The ultimate goal of our research is to use computational modelling to reveal how children learn to speak without being explicitly taught. We will test the possibility that the learning is achieved through repeated mimicry without explicit speaker normalization. The main hypothesis of this project is that both the effectiveness and explanatory power of modelling simulation are contingent on whether all the critical aspects of vocal learning are authentically emulated. Specifically, we will test if the following mechanisms are critical for vocal learning.

  1. Synchronized onset of consonants and vowels at the beginning of the syllable is the core mechanism of the syllable, which is vital for vocal learning
  2. Visual input is a secondary source of training signal critical for sounds that involve visible articulators like the lips
  3. Corrective auditory feedback is a late-developing learning mechanism that helps to accelerate vocal learning as the child grows older
  4. Perceptually learned auditory templates can be used as training signals, instead of live speech, for vocal learning
  5. Babbling is a mechanism for:
    • a) discovering the syllable frame as a means of synchronizing multiple articulators, and
    • b) proactively exploring the mapping between vocal tract configurations and acoustic patterns

Significance and originality

Developing a coherent understanding of the basic mechanisms of human vocal learning is long overdue.

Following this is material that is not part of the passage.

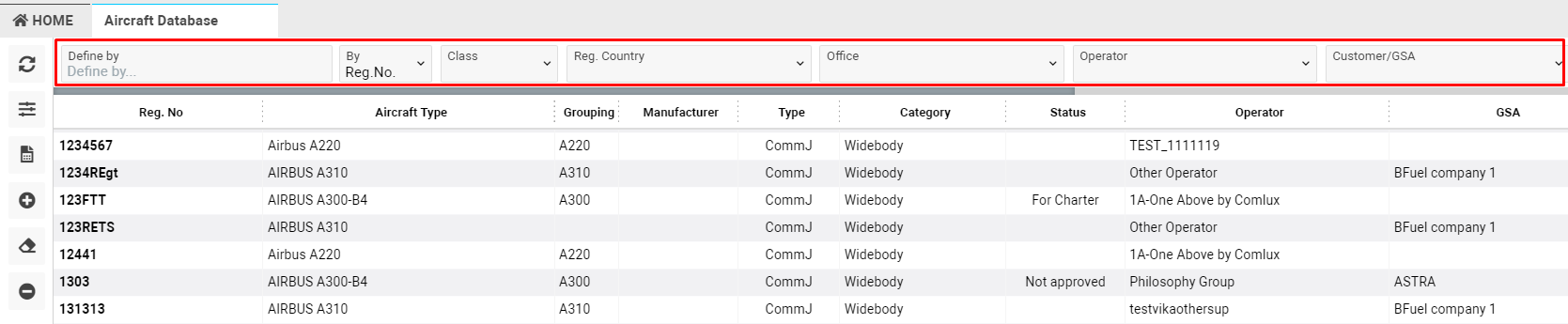 - Linked GSA - displays the list of aircrafts with linked GSA

Speech is acquired during childhood, and this is what allows the unique human ability to communicate complex ideas to be passed on across generations. It is still unclear how exactly this acquisition is accomplished. The earliest stage of the acquisition is the most baffling, as at that time infants can neither understand instructions nor ask questions.

Computational simulation offers a means to identify the specific steps and conditions needed for the success of vocal learning. Our modelling aims at simulating vocal learning to the extent that a trained articulatory synthesizer can generate syllables that are both intelligible and natural sounding. This has never been achieved by other research groups, but has been partially demonstrated by our preliminary results. The success of this project will therefore critically enhance our knowledge of vocal learning.

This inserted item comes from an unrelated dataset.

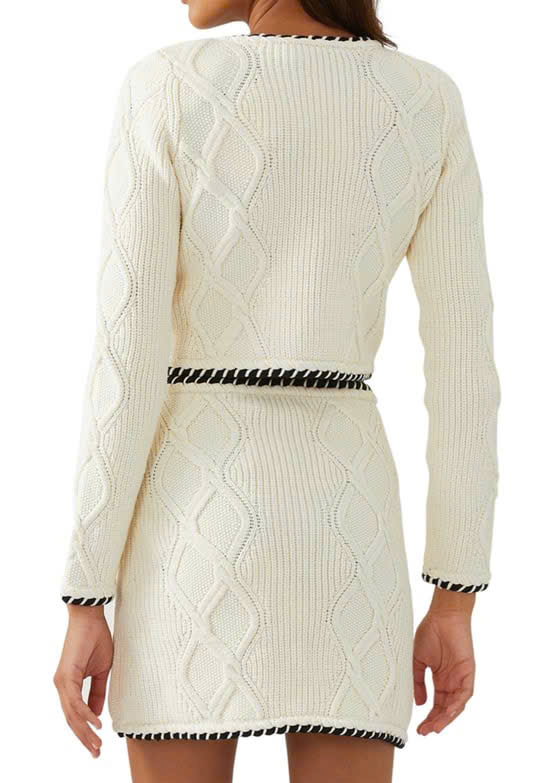 Set Áo cardigan đan/Chân váy midi có đường xẻ

Also, by removing or weakening various aspects of a successful simulated learning process, we can identify likely sources of specific deficits in various speech and developmental disorders. Moreover, once natural sounding speech can be generated in the simulation, significant insights would be gained about long-standing theoretical issues like coarticulation, syllable formation and motor equivalence. An effective simulation of speech as a skilled motor movement may also have implications for motor control and motor learning in general. Finally, a full simulation that can generate natural sounding speech may have implications for speech technology, robotics and artificial intelligence.

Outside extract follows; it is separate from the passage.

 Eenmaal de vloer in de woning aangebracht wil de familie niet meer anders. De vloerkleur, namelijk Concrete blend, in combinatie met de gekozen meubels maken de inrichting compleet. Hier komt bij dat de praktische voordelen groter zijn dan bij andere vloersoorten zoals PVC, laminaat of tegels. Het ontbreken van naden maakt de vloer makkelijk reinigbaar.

This project is highly original in that it is the first to try to emulate all the critical aspects of the vocal process as true to life as possible. Also, as a major departure from the common practice of demonstrating only incremental improvements over a low performance baseline, for all simulations, a human level of performance in terms of both intelligibility and naturalness will be targeted.

Methodology

The basic methodology is to comprehensively test auditory-guided articulatory-based vocal learning (AAVL)— the method found to be effective in our preliminary research, and to extend it in a number of new directions. The testing will be done in five subprojects, each for evaluating one or more hypothetical articulatory or learning mechanisms.